- The task
Repeat the data exactly. Pictures stay out.

- Information provided
■ ■ ■ ■

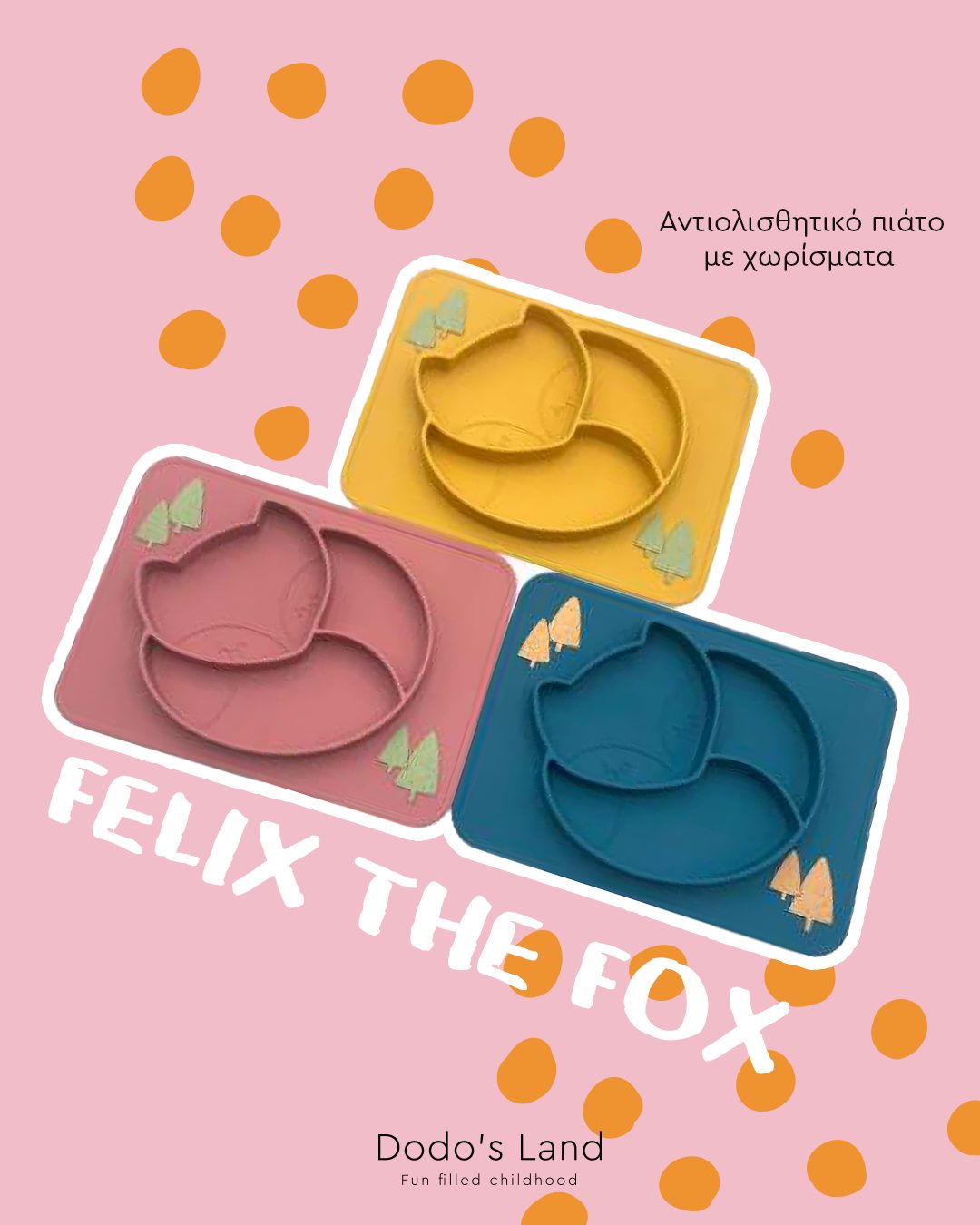 Το εργονομικά σχεδιασμένο αντιολισθητικό πιάτο Felix the Foxy έχει ένα υπέροχο σχήμα αλλά και 3 χωρίσματα , έτσι δίνει τη δυνατότητα στους γονείς να προσφέρουν διαφορετικές ομάδες τροφών με διαφορετικές υφές έτσι ώστε το παιδί να εξερευνήσει μόνο του το φαγητό του και να κάνει όλη την διαδικασία διασκεδαστική και ευχάριστη. Επίσης μπορεί να μετρήσει και τα δεντράκια και να ανακαλύψει τα 2 διαφορετικά χρώματα του πιάτου.
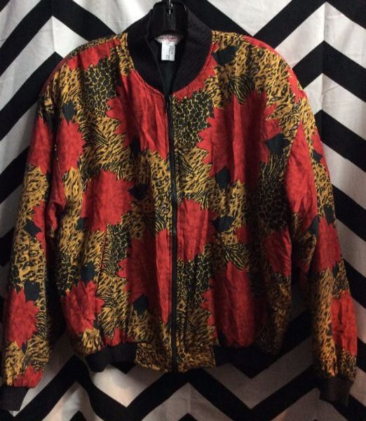 Bomber jacket, cropped, silk, leopard & floral print design, tan/red/black, size M
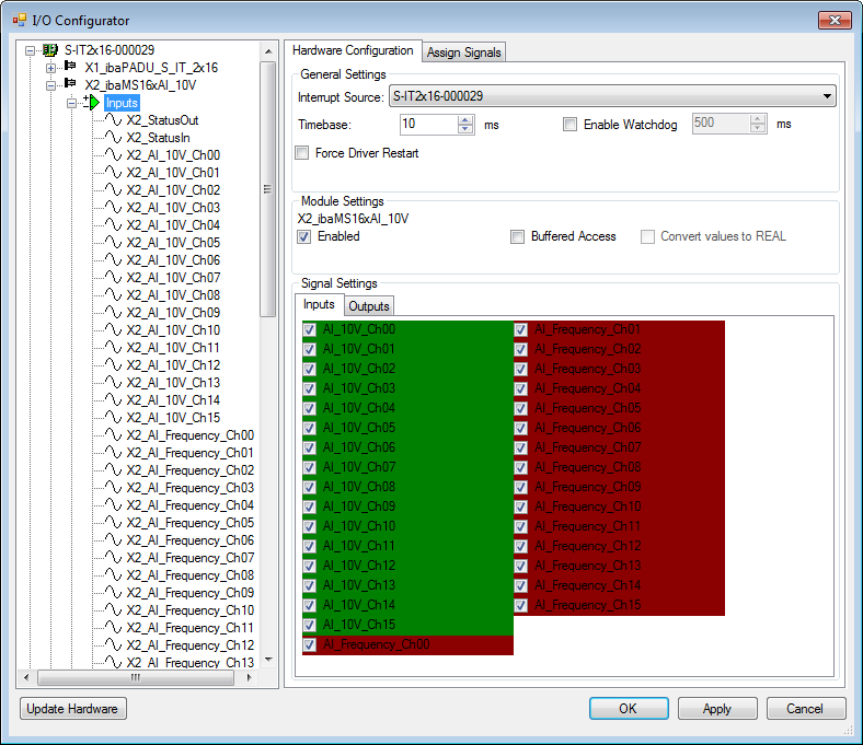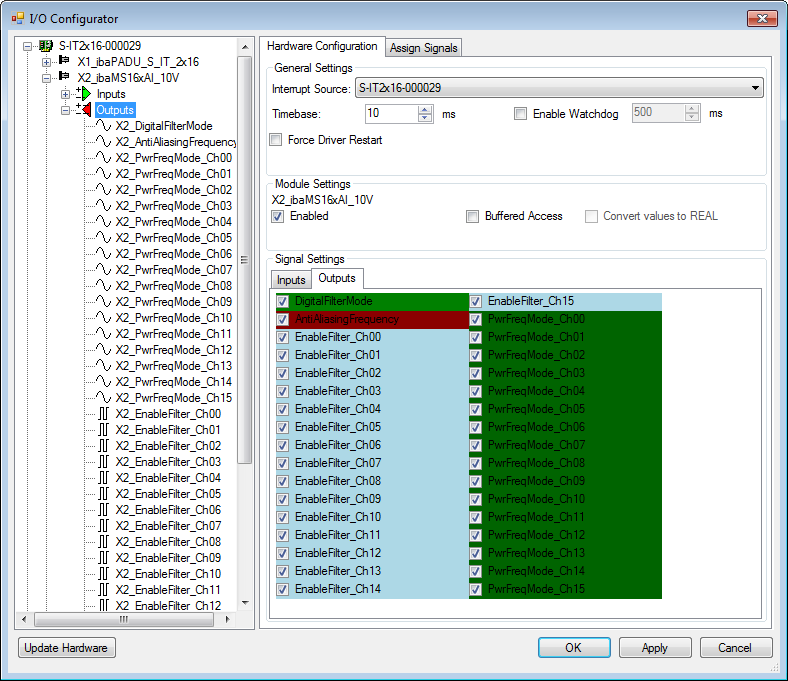 You need to apply the buffered access by clicking on the <Apply> button. Only then, you will see additional signals in the signal tree that can be configured as output or input resources. |

■ ■ ■ ■

- Answer box
 Το εργονομικά σχεδιασμένο αντιολισθητικό πιάτο Felix the Foxy έχει ένα υπέροχο σχήμα αλλά και 3 χωρίσματα , έτσι δίνει τη δυνατότητα στους γονείς να προσφέρουν διαφορετικές ομάδες τροφών με διαφορετικές υφές έτσι ώστε το παιδί να εξερευνήσει μόνο του το φαγητό του και να κάνει όλη την διαδικασία διασκεδαστική και ευχάριστη. Επίσης μπορεί να μετρήσει και τα δεντράκια και να ανακαλύψει τα 2 διαφορετικά χρώματα του πιάτου.
 Bomber jacket, cropped, silk, leopard & floral print design, tan/red/black, size M
 You need to apply the buffered access by clicking on the <Apply> button. Only then, you will see additional signals in the signal tree that can be configured as output or input resources. |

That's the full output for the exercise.